Task objective
Return only the lines below starting at the line containing "При снижении сигнала" and ending at the line containing "The expansive outdoor", both included, exactly as they are and with no pictures.

Material for the task

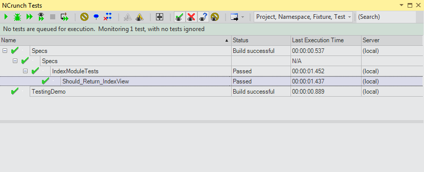 One of the greatest things about Nancy vs ASP.Net MVC is that everything can be tested, and we have tests for pretty much all of our Modules (read Controllers) as well as our Views. NCrunch does some serious magic when it comes to running your test intelligently in parallel. Up until a few days ago I couldn’t figure out how to get my tests to work.
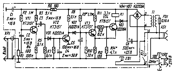 При снижении сигнала на базе транзистора VT2 ниже определенного уровня (устанавливается резистором R1) он закрывается. Вслед за ним закрывается диод и конденсатор С5 начинает заряжаться. Если через 1...2 мин, в течение которых конденсатор C5 зарядится до напряжения, достаточного для открывания транзистора VT3, сигнал не появится - автомат отключит аппарат от сети. Появление же входного сигнала практически мгновенно прекратит зарядку конденсатора, он начнет разряжаться через диод VD2 и транзистор VT2, и отключения аппарата от сети не произойдет.
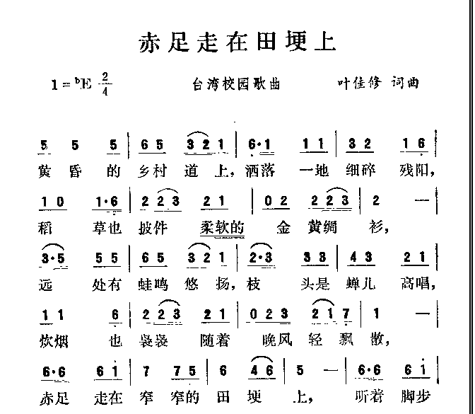 > 赤足走在田梗上
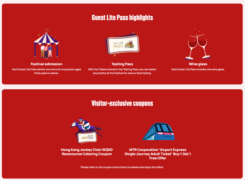 | テイスティングパス | 入場券1枚(HK$40)8トークン(HK$200)スタンダードワイングラス1杯(HK$130) HK$370相当 | 298香港ドル |
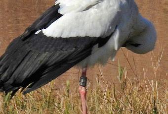 | Ciconia ciconia ; Cigüeña Blanca con anilla [DER AR351] ; Cigonya blanca ; White Stork . En els Aiguamolls de l'Empordà (Girona) 27.1.2023. |
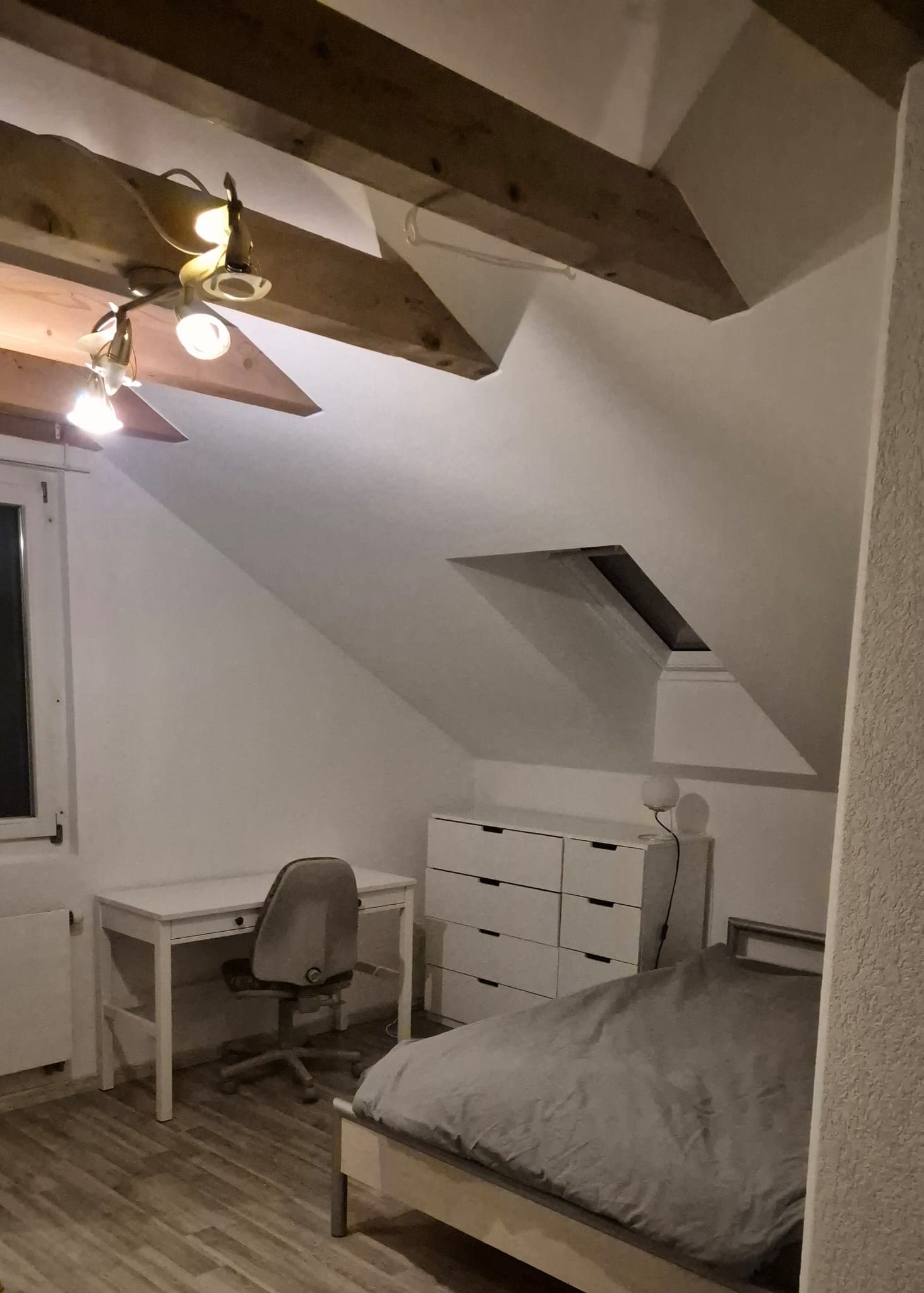 Ab NovemberVerfügbar ab 11.11.20257 Tage onlineonline.since 7 TageDie grosse Wohnung ist als ruhige Zweier-WG gestaltet und erstreckt sich über zwei Stockwerke.Wohnung hat einen Balkon oder eine TerrasseZimmer ist voll möbliert, eventuell können noch eigene Möbel mitgebracht werdenWaschmaschine in der WohnungZimmer verfügt über ein eigenes Bad, das du mit niemandem teilen musstGeteiltes WifiGeschlecht egal
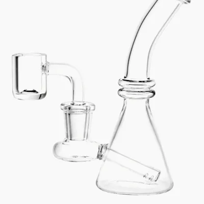 Mini Bent Neck Glass Beaker Dab Rig | 5" | 14mm F These on-the-go sized miniature oil rigs measure just 5 inches (12.7cm) tall and are made from quality borosilicate glass. With a clear beaker styles body and a fused downstem, these pipes are easy to use, ready to go, and simple to transport! Includes 14mm male quartz banger.
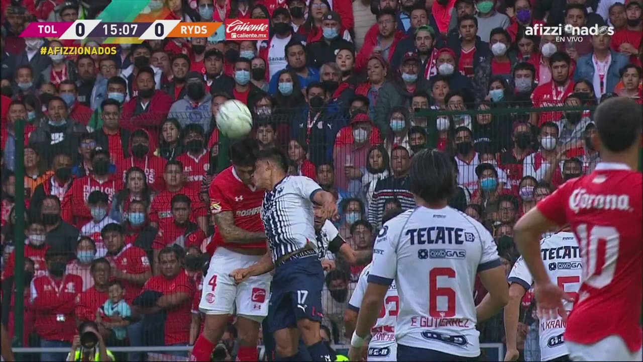 Valber y Jesús no se ven, disputan por aire, el jugador de Monterrey se lleva la peor parte.
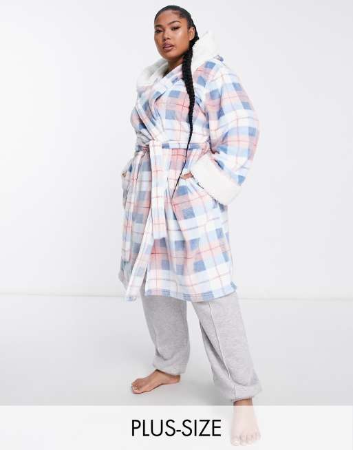 Loungeable Plus - Badekåbe med sherpa-for og lyserøde og blå tern
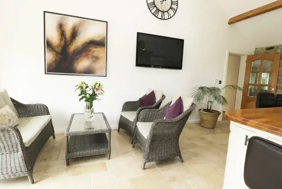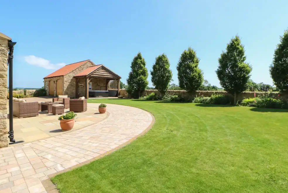 The expansive outdoor space at Bell House Barn includes a south-facing garden with well-maintained lawns, stocked borders, and large patio areas. This setting is ideal for al fresco dining and enjoying the sunset over the idyllic countryside. Inside, the cottage retains its rustic charm with exposed stone walls and wooden beams, providing a perfect blend of tradition and modern comfort.
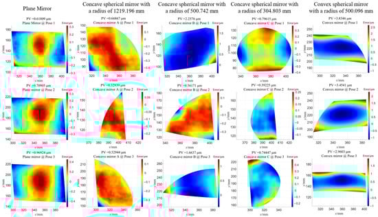 In order to quantitatively evaluate the reproducibility of the proposed stereo dual telecentric PMD, five different aperture and curvature mirrors were used to measure at different positions in the measurement space. The reference radii of all mirrors have been calibrated by the 3D optical profilometer LUPHOScan 260 HD from Taylor Hobson. The corresponding measurement errors are summarized in Figure 22.
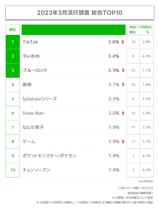 総合2位には、2022年9月以降から"若年流行調査"で10位以内に入っている「ちいかわ」、総合3位には「ブルーロック」が前回の25位から急上昇しランクインしました。4位以降はゲームタイトルの「原神」「Splatoonシリーズ」やアイドルグループの「Snow Man」や「なにわ男子」がランクインしました。
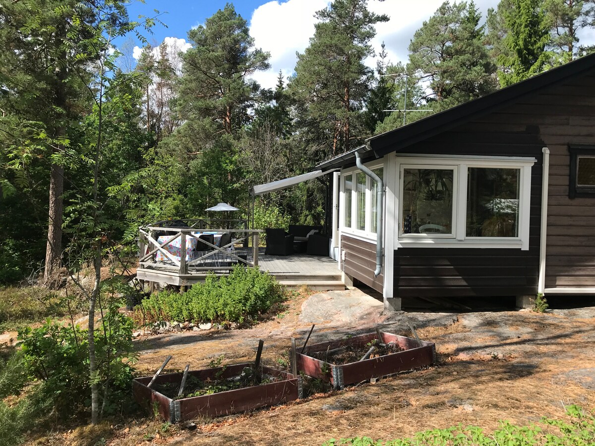 Detached cottage in fantastic Täljö - With private sauna! The house has a kitchen and a bedroom with two single beds. Large wooden deck with morning sun and daytime sun. The forest is just around the corner with nice trails. There are bicycles to borrow for excursions. Charcoal grill available for nice barbecue evenings! 5-minute walk to the train, and 35 minutes by train to Stockholm. (Cost for train about 3.5 Euro) TV with Chromecast. Free WiFi. It is about 10-15 minutes walk to the nearest swimming lake, and by bike it is about 7 minutes.

Task output
 При снижении сигнала на базе транзистора VT2 ниже определенного уровня (устанавливается резистором R1) он закрывается. Вслед за ним закрывается диод и конденсатор С5 начинает заряжаться. Если через 1...2 мин, в течение которых конденсатор C5 зарядится до напряжения, достаточного для открывания транзистора VT3, сигнал не появится - автомат отключит аппарат от сети. Появление же входного сигнала практически мгновенно прекратит зарядку конденсатора, он начнет разряжаться через диод VD2 и транзистор VT2, и отключения аппарата от сети не произойдет.
 > 赤足走在田梗上
 | テイスティングパス | 入場券1枚(HK$40)8トークン(HK$200)スタンダードワイングラス1杯(HK$130) HK$370相当 | 298香港ドル |
 | Ciconia ciconia ; Cigüeña Blanca con anilla [DER AR351] ; Cigonya blanca ; White Stork . En els Aiguamolls de l'Empordà (Girona) 27.1.2023. |
 Ab NovemberVerfügbar ab 11.11.20257 Tage onlineonline.since 7 TageDie grosse Wohnung ist als ruhige Zweier-WG gestaltet und erstreckt sich über zwei Stockwerke.Wohnung hat einen Balkon oder eine TerrasseZimmer ist voll möbliert, eventuell können noch eigene Möbel mitgebracht werdenWaschmaschine in der WohnungZimmer verfügt über ein eigenes Bad, das du mit niemandem teilen musstGeteiltes WifiGeschlecht egal
 Mini Bent Neck Glass Beaker Dab Rig | 5" | 14mm F These on-the-go sized miniature oil rigs measure just 5 inches (12.7cm) tall and are made from quality borosilicate glass. With a clear beaker styles body and a fused downstem, these pipes are easy to use, ready to go, and simple to transport! Includes 14mm male quartz banger.
 Valber y Jesús no se ven, disputan por aire, el jugador de Monterrey se lleva la peor parte.
 Loungeable Plus - Badekåbe med sherpa-for og lyserøde og blå tern
 The expansive outdoor space at Bell House Barn includes a south-facing garden with well-maintained lawns, stocked borders, and large patio areas. This setting is ideal for al fresco dining and enjoying the sunset over the idyllic countryside. Inside, the cottage retains its rustic charm with exposed stone walls and wooden beams, providing a perfect blend of tradition and modern comfort.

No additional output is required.